- Directed by: Kiri Davis
- Release date: June 1, 2005;
- Running time: 7 minutes
- Country: United States
- Language: English

= A Girl like Me (film) =

A Girl like Me is a 2005 documentary by Kiri Davis. The seven-minute documentary examines such things as the importance of color, hair and facial features for young African American women. It won the Diversity Award at the 6th Annual Media That Matters film festival in New York City, and has received coverage on various American media sources, such as CNN, ABC, NPR. The documentary has been shown on HBO. The documentary was made as part of Reel Works Teen Filmmaking.

==Synopsis==
The video begins with interviews with Kiri Davis and her peers about how black features did not conform to society's standards of beauty.

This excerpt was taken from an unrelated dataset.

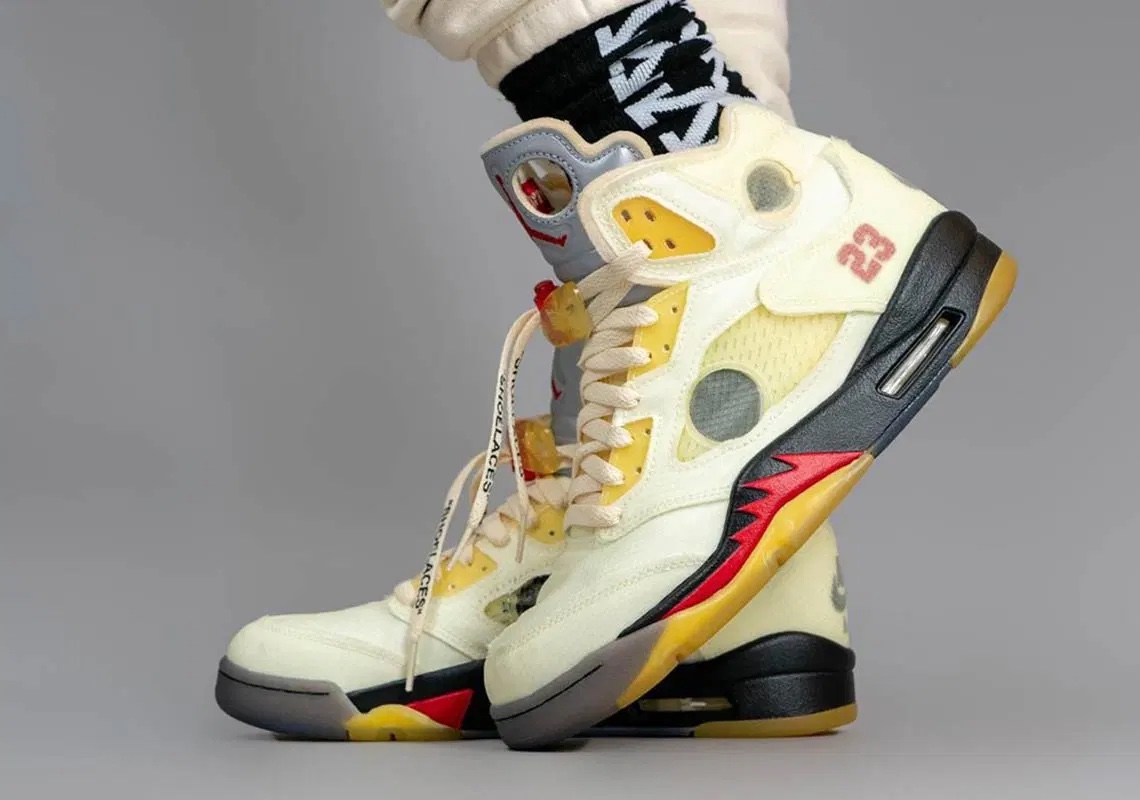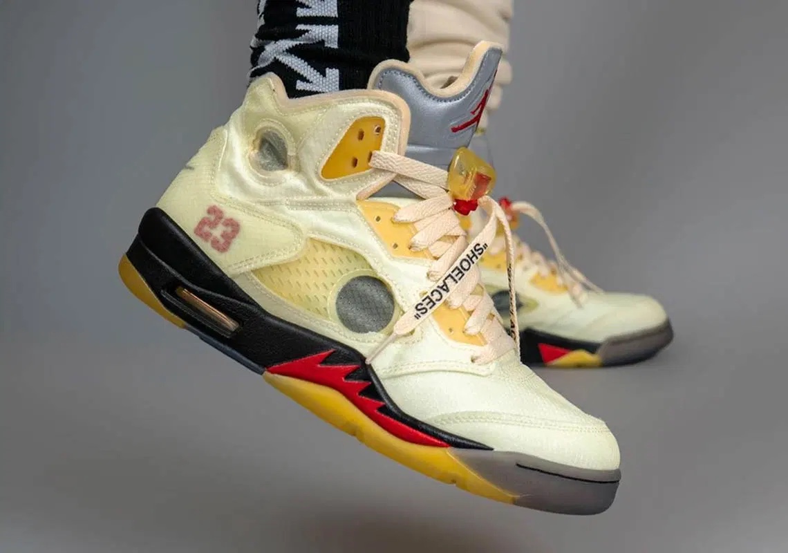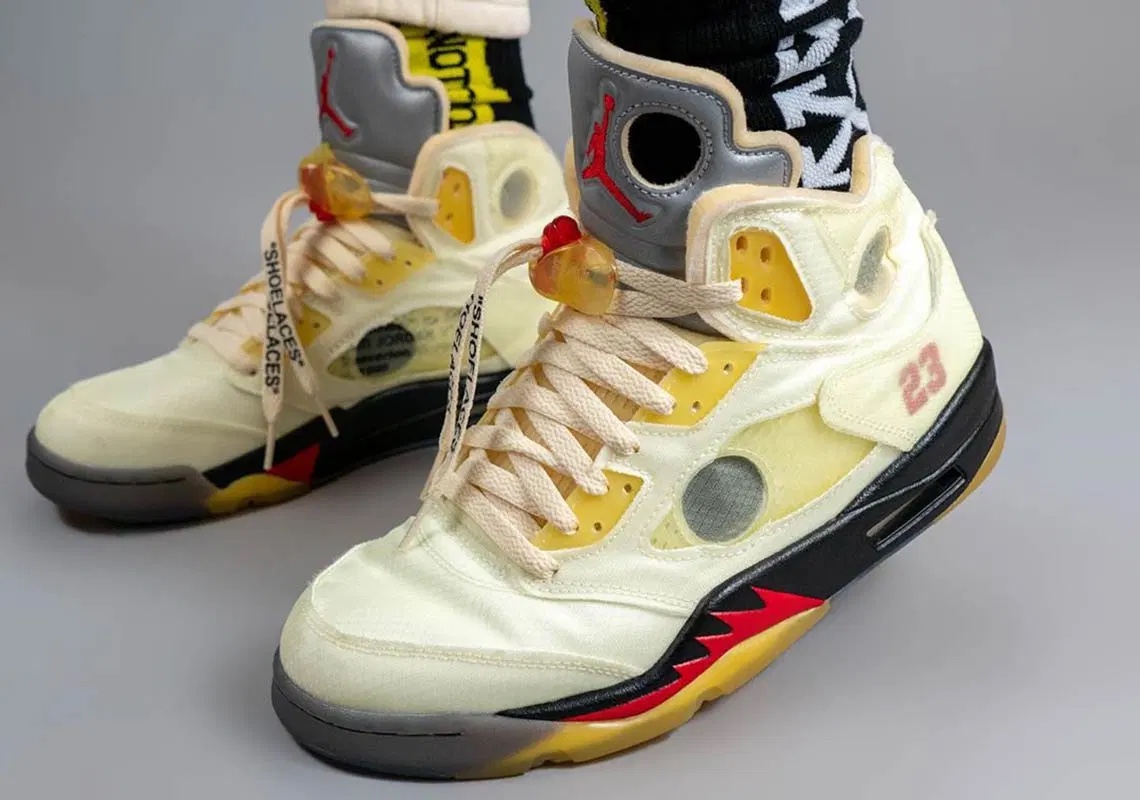 Off-White continues its collaboration with Jordan/Nike and the release date for the upcoming Air Jordan 5 “Fire Red” collab will be dropping toward the end of the month.

The next section was a repeat of an experiment conducted by Kenneth Clark in the 1940s where African-American children were asked to choose between black or white dolls. In the original experiment(s) the majority of the children choose the white dolls. When Davis repeated the experiment 15 out of 21 children also choose the white dolls over the black, giving similar reasons as the original subjects, associating white with being pretty or good and black with ugly or bad. The dolls used in the documentary were identical except for skin colour.

==Awards==
- The Diversity Award at the 6th Annual Media That Matters film festival
- The SILVERDOCS Audience Award for a Short Documentary.

==Screenings==
- Tribeca Film Festival
- The 6th Annual Media That Matters.